La derecha viene de sufrir tres sonadas derrotas: municipales, parlamentaria y presidencial. Como oposición se ha multiplicado por cero; su lugar como contraparte a la Nueva Mayoría lo han ocupado los díscolos de la antigua Concertación y el mundo empresarial.
Es más, su grado de ausencia llega a ser trágico; es tal que si no fuera por escándalos como Penta, uno ya habría olvidado su existencia. En ese sentido: ¿Es para que se alegren por el Pentagate? El guitarrista del grupo de rock Kiss, Ace Frehley, señaló en una ocasión que lo único relevante para un artista de su tipo es que se hable de él, independientemente de lo que se diga. Eso, que quizás puede ser aplicable para el mundo de las Madonna, Lady Gaga o Marilyn Manson, no lo es para la política. La ciudadanía no espera ni excéntricos ni protagonistas de comidilla, sino individuos que en su accionar se pueda suponer (al menos imaginar) que son movidos por una idea de bien general en la articulación de la vida en común, que es lo propio de la política.

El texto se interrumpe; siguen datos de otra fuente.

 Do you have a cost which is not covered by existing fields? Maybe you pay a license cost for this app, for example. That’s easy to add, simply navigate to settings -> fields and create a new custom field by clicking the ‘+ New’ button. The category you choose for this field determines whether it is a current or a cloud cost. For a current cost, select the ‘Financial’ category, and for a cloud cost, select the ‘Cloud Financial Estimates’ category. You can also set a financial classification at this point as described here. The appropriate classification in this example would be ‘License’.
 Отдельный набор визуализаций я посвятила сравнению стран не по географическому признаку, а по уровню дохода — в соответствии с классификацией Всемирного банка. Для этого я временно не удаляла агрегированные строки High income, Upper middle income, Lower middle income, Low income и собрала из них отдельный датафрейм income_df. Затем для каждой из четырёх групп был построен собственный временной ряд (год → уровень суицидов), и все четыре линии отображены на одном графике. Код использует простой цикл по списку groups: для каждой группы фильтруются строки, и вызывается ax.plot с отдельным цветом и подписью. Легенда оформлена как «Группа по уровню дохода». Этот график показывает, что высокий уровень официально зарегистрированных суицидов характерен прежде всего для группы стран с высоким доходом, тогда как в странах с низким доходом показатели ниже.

Por eso, la desnudez casi pornográfica con que ha quedado expuesta la vinculación y dependencia de la UDI respecto de un grupo económico, sólo le puede acarrear un desprestigio mayor. Sin hacer mención que la existencia de posibles ilícitos derrumba la pretendida superioridad moral de ese sector, expresada en un constante y majadero hablar de “valores”.

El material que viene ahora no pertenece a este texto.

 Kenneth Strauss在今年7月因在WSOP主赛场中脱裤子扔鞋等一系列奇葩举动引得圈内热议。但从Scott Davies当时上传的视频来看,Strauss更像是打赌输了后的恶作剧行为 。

Es en ese contexto donde el senador Andrés Allamand ha propuesto la unificación de los partidos y movimientos de derecha. Ha indicado como ejemplos los casos del PP en España y el UMP en Francia. Parecería la conveniencia de tal unidad casi una perogrullada.
Si se observa con más detalle, no solo no lo es, sería contraproducente. ¿Por qué? Veamos. Tomemos como ejemplo los mismos modelos que se mencionan.
El Partido Popular (y su antecesor la Alianza Popular) romperá rápidamente con el franquismo de línea dura y nostálgica. Esa tarea la emprenderá ya un histórico como Manuel Fraga. En los llamados temas “valóricos” ha sabido establecer un equilibrio entre las posiciones más conservadoras, visiones más liberales y (muy importante) las ideas dominantes al respecto en la propia sociedad.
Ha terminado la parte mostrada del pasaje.